Fix VM instance sharing across tasks
2025-11-04 02:15:32 -08:00 · 2025-11-04 02:15:32 -08:00 · 9573b2ac2d
commit 9573b2ac2d
parent ab5c9fc37b fbd3a2fdb8
4 changed files with 230 additions and 71 deletions
--- a/batch_runner.py
+++ b/batch_runner.py
@ -167,8 +167,8 @@ def _process_single_prompt(
            ephemeral_system_prompt=config.get("ephemeral_system_prompt")
        )
-        # Run the agent
+        # Run the agent with task_id to ensure each task gets its own isolated VM
-        result = agent.run_conversation(prompt)
+        result = agent.run_conversation(prompt, task_id=f"task_{prompt_index}")
        # Extract tool usage statistics
        tool_stats = _extract_tool_stats(result["messages"])
--- a/model_tools.py
+++ b/model_tools.py
@ -28,7 +28,7 @@ Usage:
 import json
 import asyncio
-from typing import Dict, Any, List
+from typing import Dict, Any, List, Optional
 from tools.web_tools import web_search_tool, web_extract_tool, web_crawl_tool, check_firecrawl_api_key
 from tools.terminal_tool import terminal_tool, check_hecate_requirements, TERMINAL_TOOL_DESCRIPTION
@ -480,13 +480,14 @@ def handle_web_function_call(function_name: str, function_args: Dict[str, Any])
    else:
        return json.dumps({"error": f"Unknown web function: {function_name}"})

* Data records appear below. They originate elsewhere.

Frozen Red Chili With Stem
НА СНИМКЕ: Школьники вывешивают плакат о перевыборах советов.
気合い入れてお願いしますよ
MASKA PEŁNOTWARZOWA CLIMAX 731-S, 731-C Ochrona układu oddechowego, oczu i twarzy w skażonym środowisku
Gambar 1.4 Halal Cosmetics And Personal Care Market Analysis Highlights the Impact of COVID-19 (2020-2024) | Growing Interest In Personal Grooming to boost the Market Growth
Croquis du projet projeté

-def handle_terminal_function_call(function_name: str, function_args: Dict[str, Any]) -> str:
+def handle_terminal_function_call(function_name: str, function_args: Dict[str, Any], task_id: Optional[str] = None) -> str:
    """
    Handle function calls for terminal tools.
    Args:
        function_name (str): Name of the terminal function to call
        function_args (Dict): Arguments for the function
        task_id (str): Unique identifier for this task to isolate VMs between concurrent tasks (optional)
    Returns:
        str: Function result as JSON string
@ -498,7 +499,7 @@ def handle_terminal_function_call(function_name: str, function_args: Dict[str, A
        idle_threshold = function_args.get("idle_threshold", 5.0)

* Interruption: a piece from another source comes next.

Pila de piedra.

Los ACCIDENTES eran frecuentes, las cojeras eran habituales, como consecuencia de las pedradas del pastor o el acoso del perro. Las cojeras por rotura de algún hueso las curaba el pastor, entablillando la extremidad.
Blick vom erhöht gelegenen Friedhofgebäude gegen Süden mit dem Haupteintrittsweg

        timeout = function_args.get("timeout")
-        return terminal_tool(command, input_keys, None, background, idle_threshold, timeout)
+        return terminal_tool(command, input_keys, None, background, idle_threshold, timeout, task_id)
    else:
        return json.dumps({"error": f"Unknown terminal function: {function_name}"})

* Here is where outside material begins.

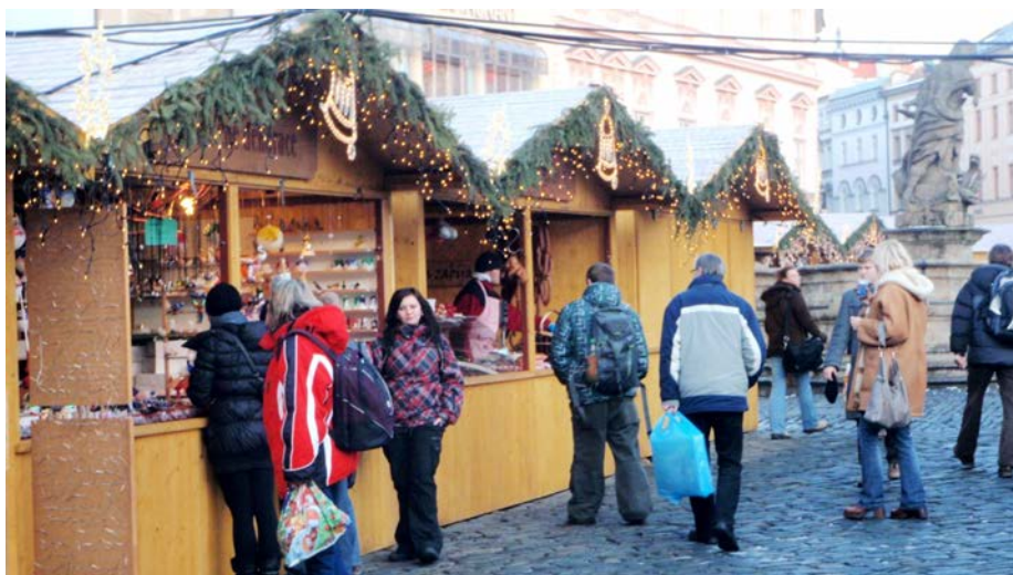
Skvělá atmosféra na vánočních trzích

Již každoročně se v našem krásném městě zvaném Olomouc, které leží v srdci Hané, konají nezapomenutelné vánoční trhy. Ptáte se proč nezapomenutelné? Protože se zde schází mnoho lidí a při předvánoční atmosféře a horkém punči si zde sdělují novinky a poznávají nové lidi. A my tam samozřejmě

@ -614,7 +615,7 @@ def handle_image_function_call(function_name: str, function_args: Dict[str, Any]
        return json.dumps({"error": f"Unknown image generation function: {function_name}"})
-def handle_function_call(function_name: str, function_args: Dict[str, Any]) -> str:
+def handle_function_call(function_name: str, function_args: Dict[str, Any], task_id: Optional[str] = None) -> str:
    """
    Main function call dispatcher that routes calls to appropriate toolsets.
@ -625,6 +626,7 @@ def handle_function_call(function_name: str, function_args: Dict[str, Any]) -> s
    Args:
        function_name (str): Name of the function to call
        function_args (Dict): Arguments for the function
        task_id (str): Unique identifier for this task to isolate VMs between concurrent tasks (optional)
    Returns:
        str: Function result as JSON string
@ -639,7 +641,7 @@ def handle_function_call(function_name: str, function_args: Dict[str, Any]) -> s
        # Route terminal tools
        elif function_name in ["terminal"]:
-            return handle_terminal_function_call(function_name, function_args)
+            return handle_terminal_function_call(function_name, function_args, task_id)
        # Route vision tools
        elif function_name in ["vision_analyze"]:
--- a/run_agent.py
+++ b/run_agent.py
@ -43,6 +43,7 @@ else:
 # Import our tool system
 from model_tools import get_tool_definitions, handle_function_call, check_toolset_requirements
 from tools.terminal_tool import cleanup_vm
 class AIAgent:
@ -345,7 +346,8 @@ class AIAgent:
        self,
        user_message: str,
        system_message: str = None,
-        conversation_history: List[Dict[str, Any]] = None
+        conversation_history: List[Dict[str, Any]] = None,
        task_id: str = None
    ) -> Dict[str, Any]:
        """
        Run a complete conversation with tool calling until completion.
@ -354,10 +356,14 @@ class AIAgent:
            user_message (str): The user's message/question
            system_message (str): Custom system message (optional, overrides ephemeral_system_prompt if provided)
            conversation_history (List[Dict]): Previous conversation messages (optional)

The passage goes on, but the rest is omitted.